ですから、志を共にする多くの仲間と一緒に取り組んでいきたいと思いますし、そういった仲間を育てていきたいと思っています。また、私が引退したあとでもその想いが脈々とつながっていくように、文化と仕組みを作っておきたいと思っています。そしていつか、サイバーセキュリティの分野であろうとなかろうと、世の中が世の中をよくしたいという想いを持つ人であふれれば、素敵なことだと思いませんか。
サイバーセキュリティに関していえば、お話しした通り、支出に対する効果測定が難しい領域です。

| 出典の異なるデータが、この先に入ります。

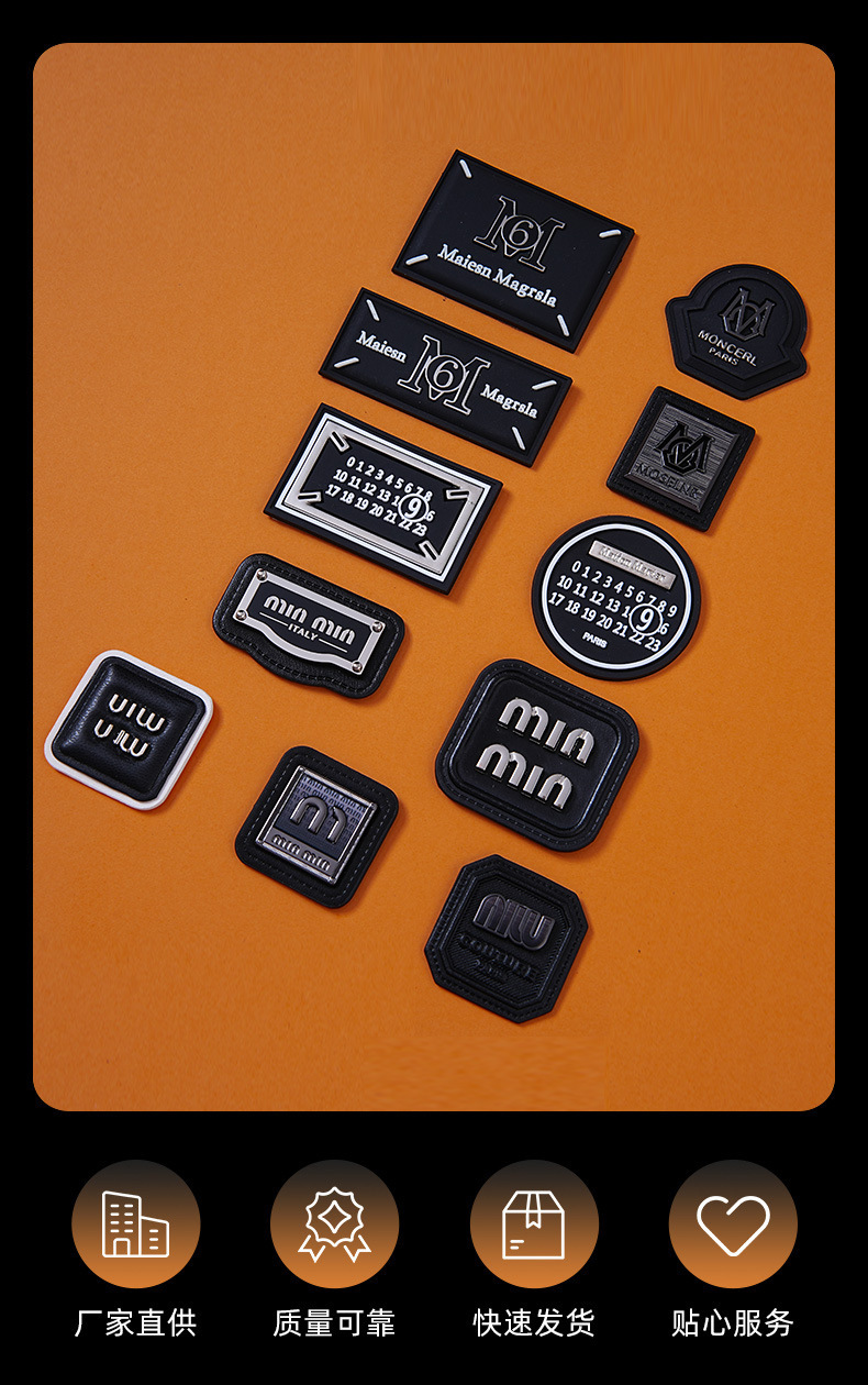 재고 작은 배치 크로스 테두리 가죽 표지판 사용자 정의 다운 재킷 청바지 가방 의류 액세서리 맞춤형 로고스토어 가기

インシデントが起きなくて当然、インシデントが起きればマイナスという意識が支配的です。ですから、ほかの領域に比べてお客さまから感謝のお言葉をいただくことは少ないかもしれません。ですが、私たちはお客さまが安心安全に製品やサービスを提供できる環境を作るお手伝いをしているわけで、これは絶対に必要なことです。サイバーセキュリティ領域に閉じることなく、経営の視点からサイバーセキュリティの位置づけを考え、サイバーセキュリティを通じてお客さまの経営に貢献する — こういう想いを共有しながら、一緒に歩いていける人にジョインいただきたいと思っています。
コトラ 中川:
非常に新しい視点でのお話を伺うことができたかと思います。
森島様:
私たちのような広い視点でサイバーセキュリティサービスを提供しているファームはあまり多くないですから、面接で直接説明させていただいてから共感してもらうことも多いです。興味を持った方にはぜひ応募していただきたいと思います。